What the task requires: For every entry below, give an exact repeat and leave out the pictures.

**** Dataset content ****

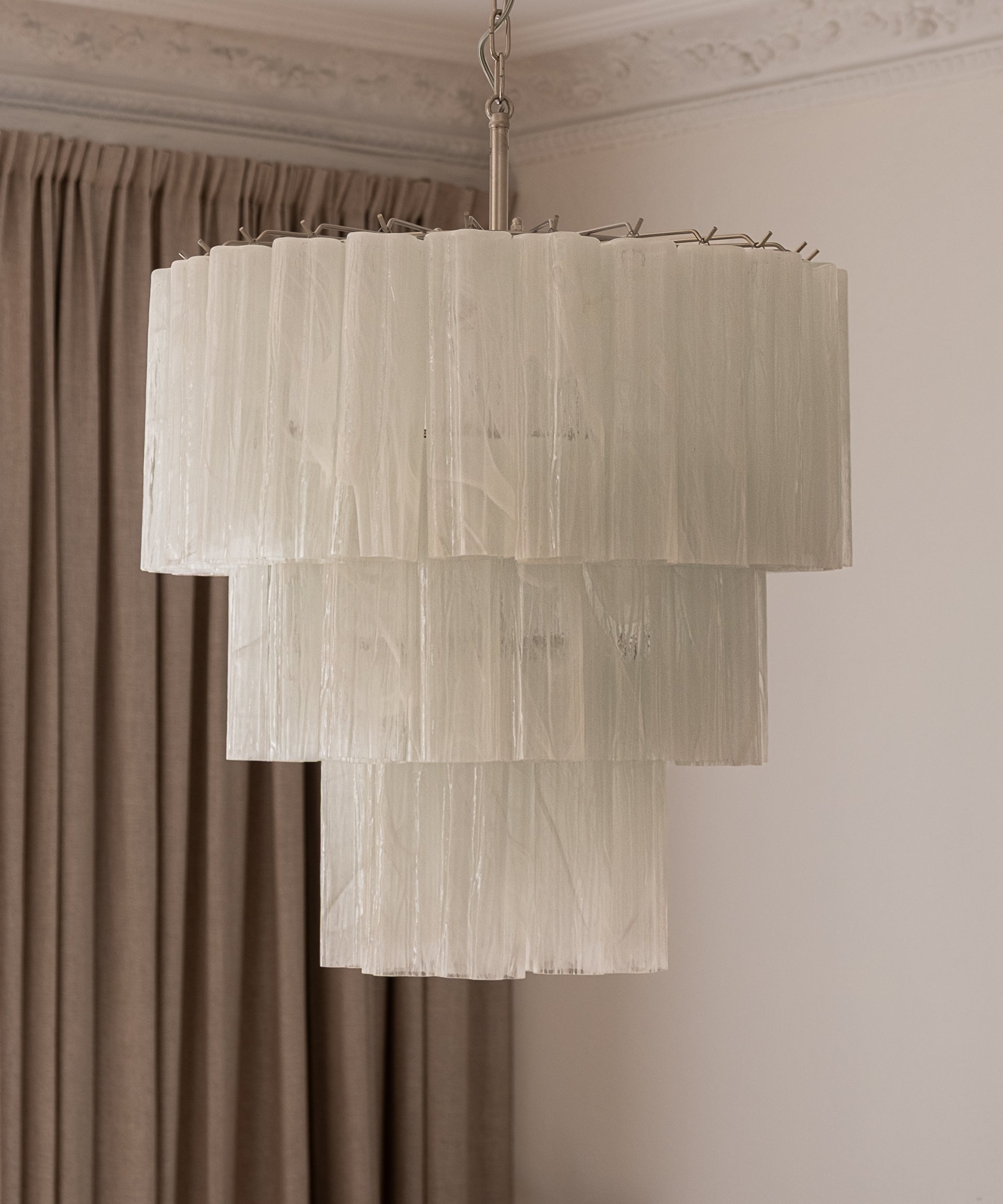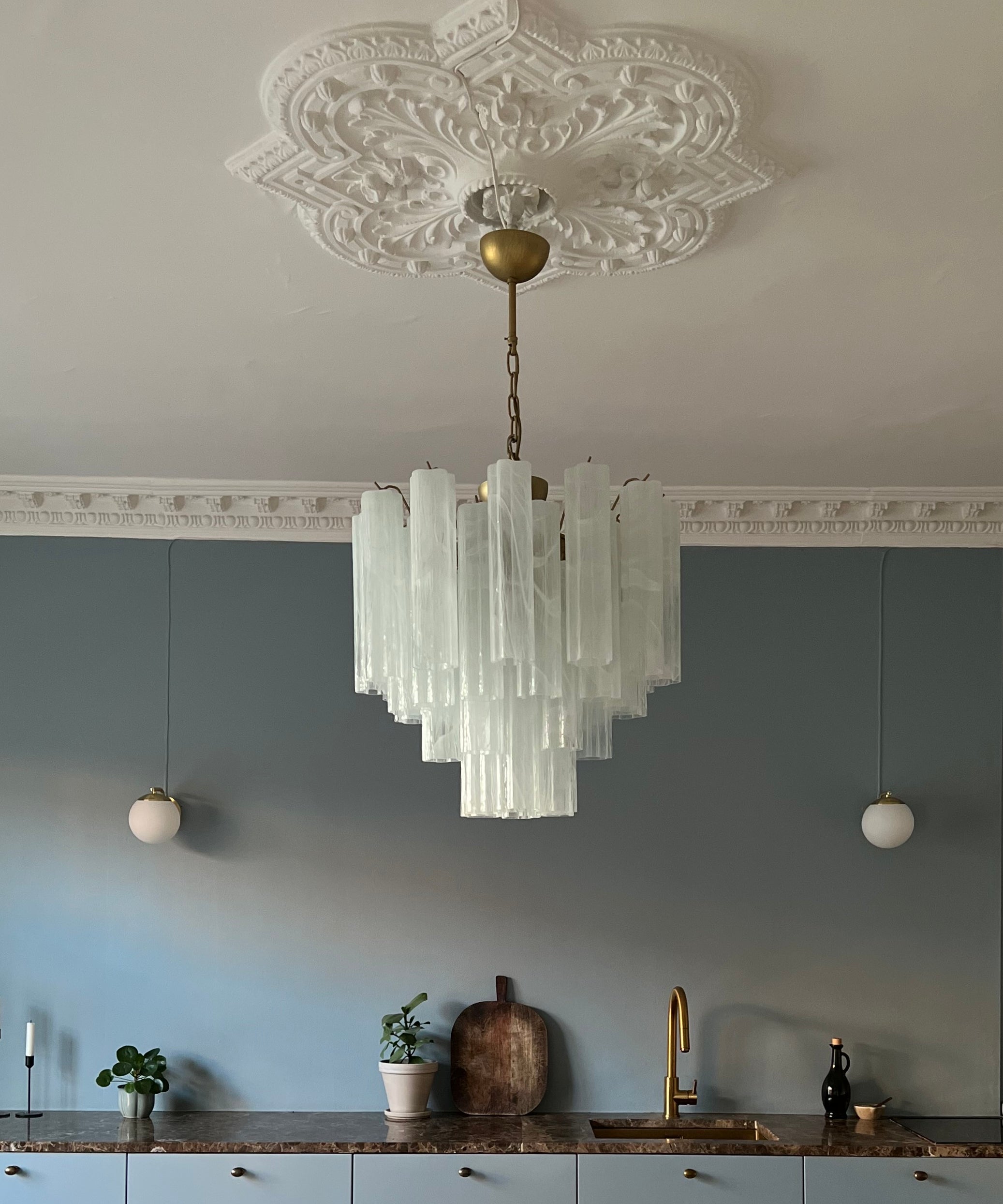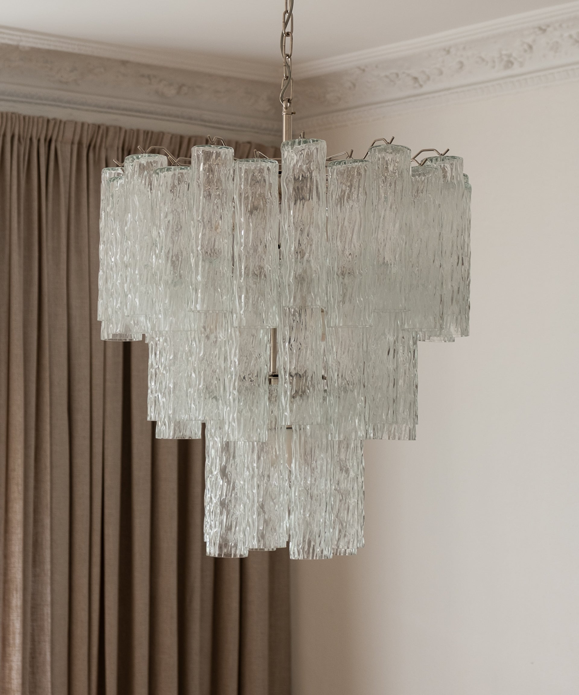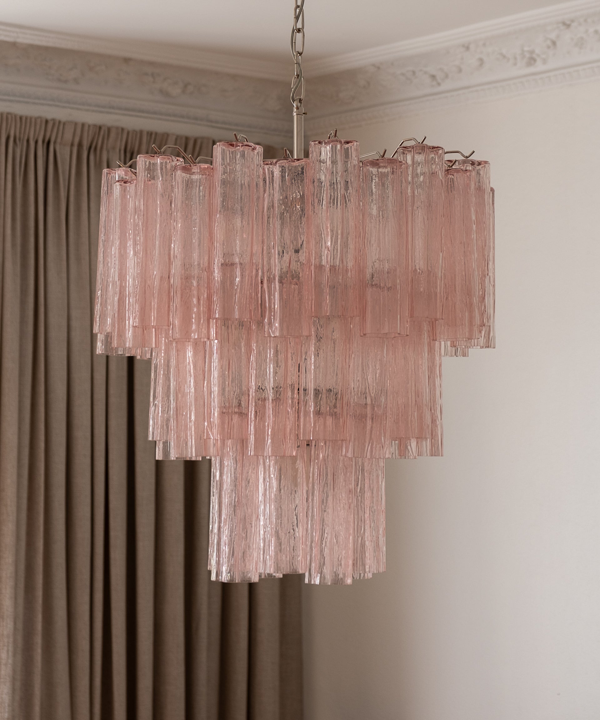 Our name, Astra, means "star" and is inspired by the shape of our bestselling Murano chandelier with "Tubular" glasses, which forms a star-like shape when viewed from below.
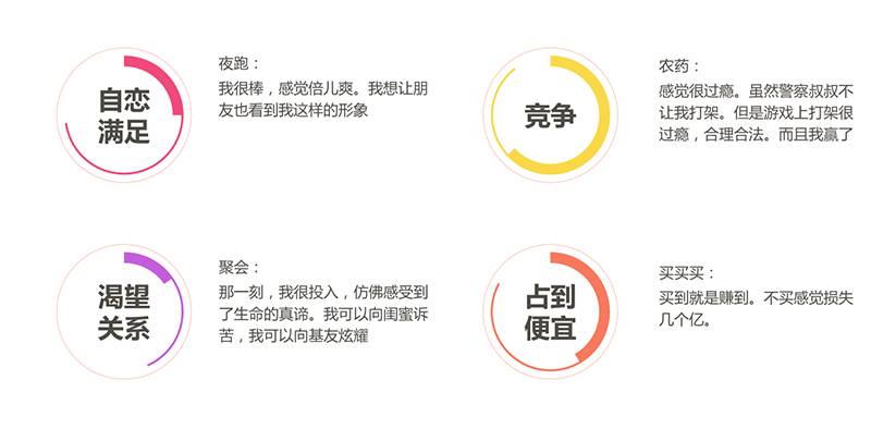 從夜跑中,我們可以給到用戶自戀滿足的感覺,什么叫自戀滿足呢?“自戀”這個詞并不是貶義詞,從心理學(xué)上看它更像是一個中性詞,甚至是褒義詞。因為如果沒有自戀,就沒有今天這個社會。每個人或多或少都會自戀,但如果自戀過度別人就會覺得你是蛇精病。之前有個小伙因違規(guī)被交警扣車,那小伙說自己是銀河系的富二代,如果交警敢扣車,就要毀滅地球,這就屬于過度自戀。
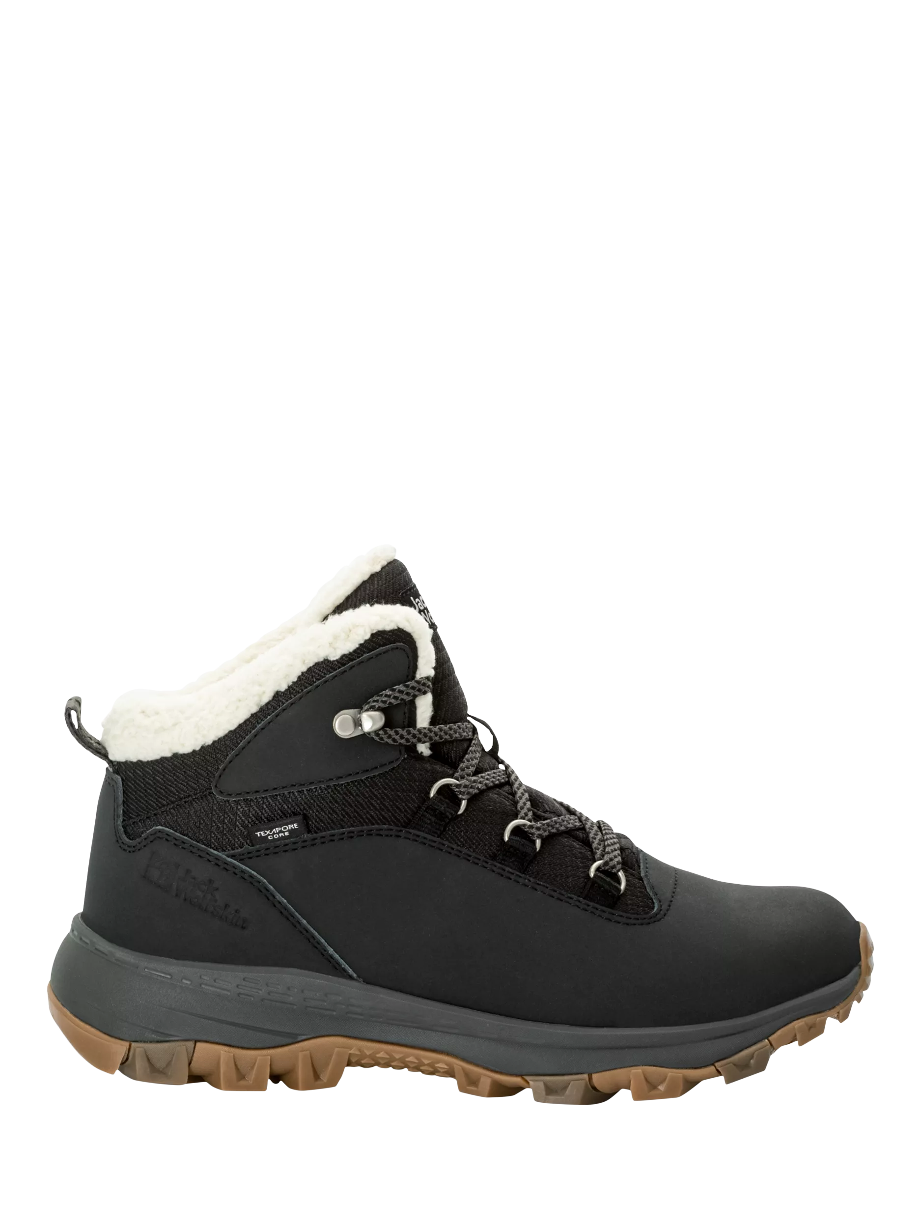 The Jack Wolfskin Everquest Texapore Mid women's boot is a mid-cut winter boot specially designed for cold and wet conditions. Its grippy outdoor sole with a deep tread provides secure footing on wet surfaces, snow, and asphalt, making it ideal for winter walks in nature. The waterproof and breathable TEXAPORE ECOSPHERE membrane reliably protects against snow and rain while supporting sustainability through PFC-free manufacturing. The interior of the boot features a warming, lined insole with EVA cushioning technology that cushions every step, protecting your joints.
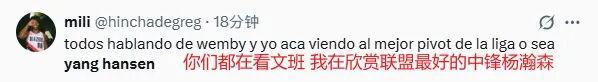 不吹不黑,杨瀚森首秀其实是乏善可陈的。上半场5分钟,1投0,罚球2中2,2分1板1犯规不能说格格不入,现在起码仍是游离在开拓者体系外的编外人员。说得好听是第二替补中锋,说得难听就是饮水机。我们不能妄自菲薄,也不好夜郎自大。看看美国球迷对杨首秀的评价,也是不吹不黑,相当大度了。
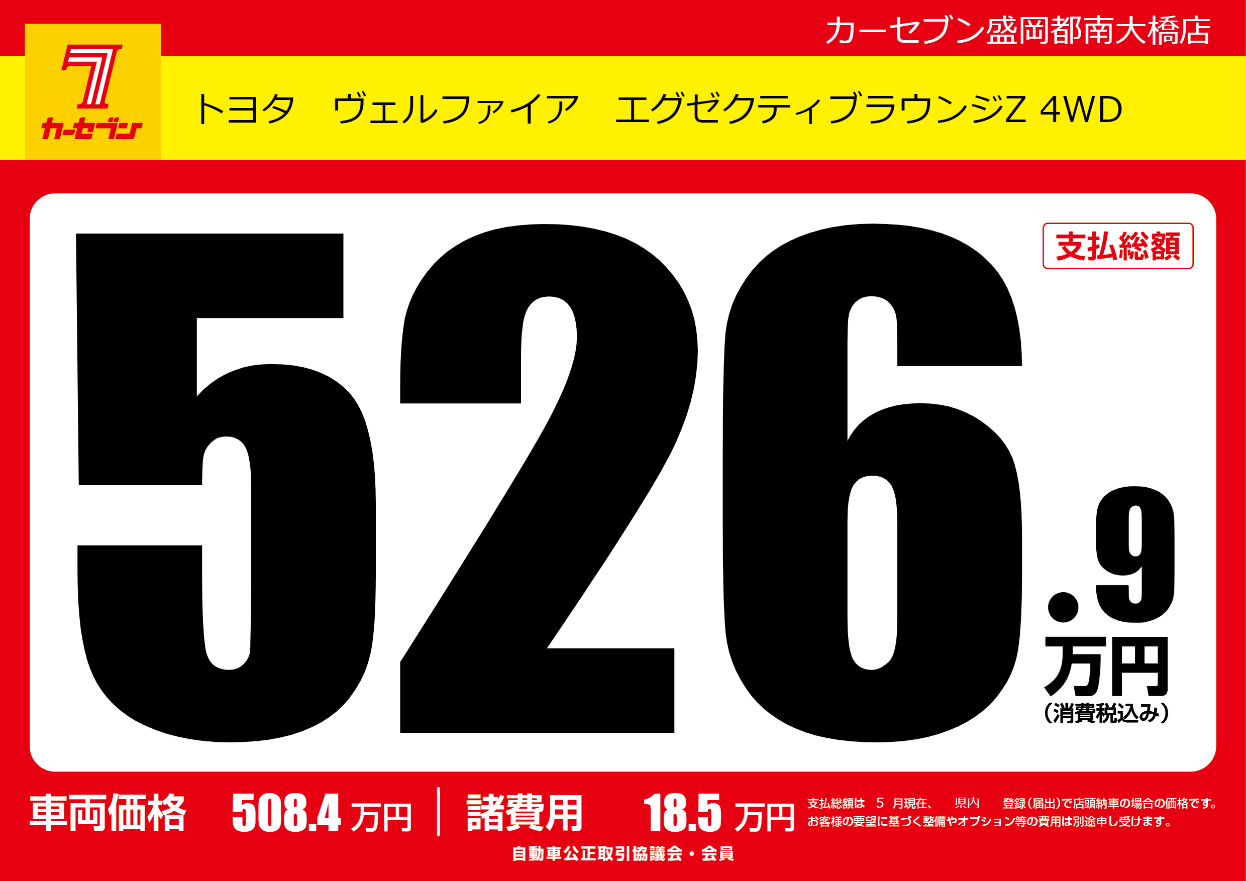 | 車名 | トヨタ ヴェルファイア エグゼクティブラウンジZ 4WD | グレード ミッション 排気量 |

****

Response to this exercise:
 Our name, Astra, means "star" and is inspired by the shape of our bestselling Murano chandelier with "Tubular" glasses, which forms a star-like shape when viewed from below.
 從夜跑中,我們可以給到用戶自戀滿足的感覺,什么叫自戀滿足呢?“自戀”這個詞并不是貶義詞,從心理學(xué)上看它更像是一個中性詞,甚至是褒義詞。因為如果沒有自戀,就沒有今天這個社會。每個人或多或少都會自戀,但如果自戀過度別人就會覺得你是蛇精病。之前有個小伙因違規(guī)被交警扣車,那小伙說自己是銀河系的富二代,如果交警敢扣車,就要毀滅地球,這就屬于過度自戀。
 The Jack Wolfskin Everquest Texapore Mid women's boot is a mid-cut winter boot specially designed for cold and wet conditions. Its grippy outdoor sole with a deep tread provides secure footing on wet surfaces, snow, and asphalt, making it ideal for winter walks in nature. The waterproof and breathable TEXAPORE ECOSPHERE membrane reliably protects against snow and rain while supporting sustainability through PFC-free manufacturing. The interior of the boot features a warming, lined insole with EVA cushioning technology that cushions every step, protecting your joints.
 不吹不黑,杨瀚森首秀其实是乏善可陈的。上半场5分钟,1投0,罚球2中2,2分1板1犯规不能说格格不入,现在起码仍是游离在开拓者体系外的编外人员。说得好听是第二替补中锋,说得难听就是饮水机。我们不能妄自菲薄,也不好夜郎自大。看看美国球迷对杨首秀的评价,也是不吹不黑,相当大度了。
 | 車名 | トヨタ ヴェルファイア エグゼクティブラウンジZ 4WD | グレード ミッション 排気量 |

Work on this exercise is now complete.